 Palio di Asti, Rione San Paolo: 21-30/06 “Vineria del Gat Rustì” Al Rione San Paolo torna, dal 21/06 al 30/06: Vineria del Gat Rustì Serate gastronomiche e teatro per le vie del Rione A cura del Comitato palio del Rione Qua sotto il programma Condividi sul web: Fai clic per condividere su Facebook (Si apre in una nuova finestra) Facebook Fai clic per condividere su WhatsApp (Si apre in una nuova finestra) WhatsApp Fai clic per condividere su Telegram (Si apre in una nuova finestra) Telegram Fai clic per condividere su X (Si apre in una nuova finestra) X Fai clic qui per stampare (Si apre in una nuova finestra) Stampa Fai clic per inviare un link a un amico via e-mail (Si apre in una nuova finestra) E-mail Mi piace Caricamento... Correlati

◇ ◇ ◇ ◇ ◇ ◇ ◇

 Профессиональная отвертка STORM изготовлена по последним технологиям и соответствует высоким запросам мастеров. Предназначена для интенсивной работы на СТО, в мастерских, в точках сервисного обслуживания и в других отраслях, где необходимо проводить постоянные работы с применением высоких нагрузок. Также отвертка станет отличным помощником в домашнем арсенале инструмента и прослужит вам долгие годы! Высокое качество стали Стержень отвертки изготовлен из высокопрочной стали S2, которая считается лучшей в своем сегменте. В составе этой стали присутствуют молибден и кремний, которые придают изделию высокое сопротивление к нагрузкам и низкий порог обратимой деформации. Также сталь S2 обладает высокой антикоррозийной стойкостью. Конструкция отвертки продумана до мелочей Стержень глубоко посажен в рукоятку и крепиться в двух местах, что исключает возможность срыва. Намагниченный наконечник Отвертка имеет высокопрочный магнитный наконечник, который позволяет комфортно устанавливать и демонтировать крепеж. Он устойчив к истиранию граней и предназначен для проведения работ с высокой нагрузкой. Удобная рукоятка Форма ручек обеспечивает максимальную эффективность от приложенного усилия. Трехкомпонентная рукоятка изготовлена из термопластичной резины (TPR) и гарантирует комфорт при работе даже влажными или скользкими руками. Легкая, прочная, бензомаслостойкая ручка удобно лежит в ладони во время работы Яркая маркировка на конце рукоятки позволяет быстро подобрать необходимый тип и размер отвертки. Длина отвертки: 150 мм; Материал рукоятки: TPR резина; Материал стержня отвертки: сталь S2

◇ ◇ ◇ ◇ ◇ ◇ ◇

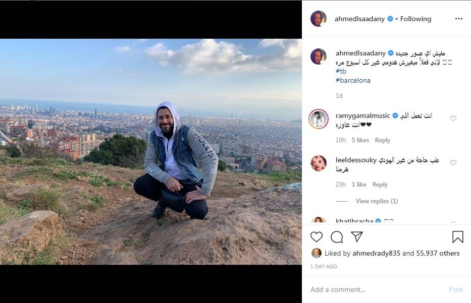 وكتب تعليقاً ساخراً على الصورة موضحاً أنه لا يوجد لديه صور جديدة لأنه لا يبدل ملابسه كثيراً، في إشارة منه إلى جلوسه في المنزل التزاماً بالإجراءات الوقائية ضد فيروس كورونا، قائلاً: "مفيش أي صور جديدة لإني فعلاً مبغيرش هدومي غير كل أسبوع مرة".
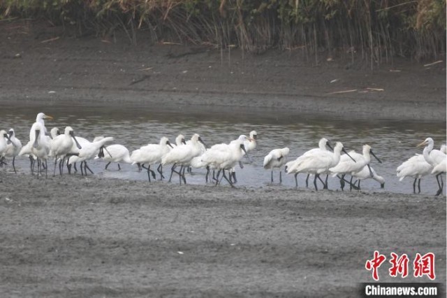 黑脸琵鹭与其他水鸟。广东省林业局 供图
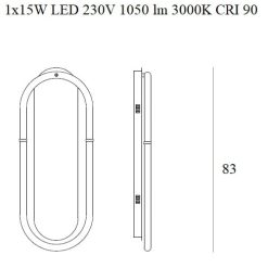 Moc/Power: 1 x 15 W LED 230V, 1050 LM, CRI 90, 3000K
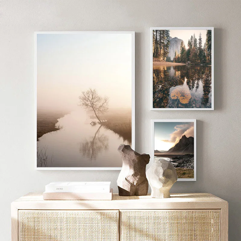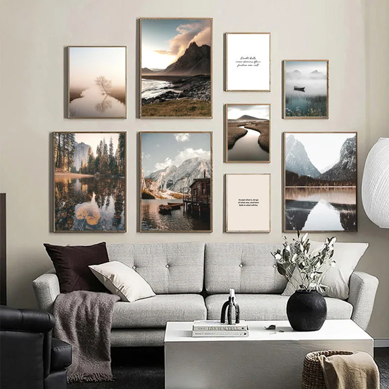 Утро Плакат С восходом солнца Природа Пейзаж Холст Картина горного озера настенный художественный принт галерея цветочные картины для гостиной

◇ ◇ ◇ ◇ ◇ ◇ ◇

**THE TASK:** Leaving all pictures out, output exactly the lines of the material above from the line with "Moc/Power: 1 x" to the line with "Утро Плакат С", both included.

**SOLUTION TO THIS TASK:**
 Moc/Power: 1 x 15 W LED 230V, 1050 LM, CRI 90, 3000K
 Утро Плакат С восходом солнца Природа Пейзаж Холст Картина горного озера настенный художественный принт галерея цветочные картины для гостиной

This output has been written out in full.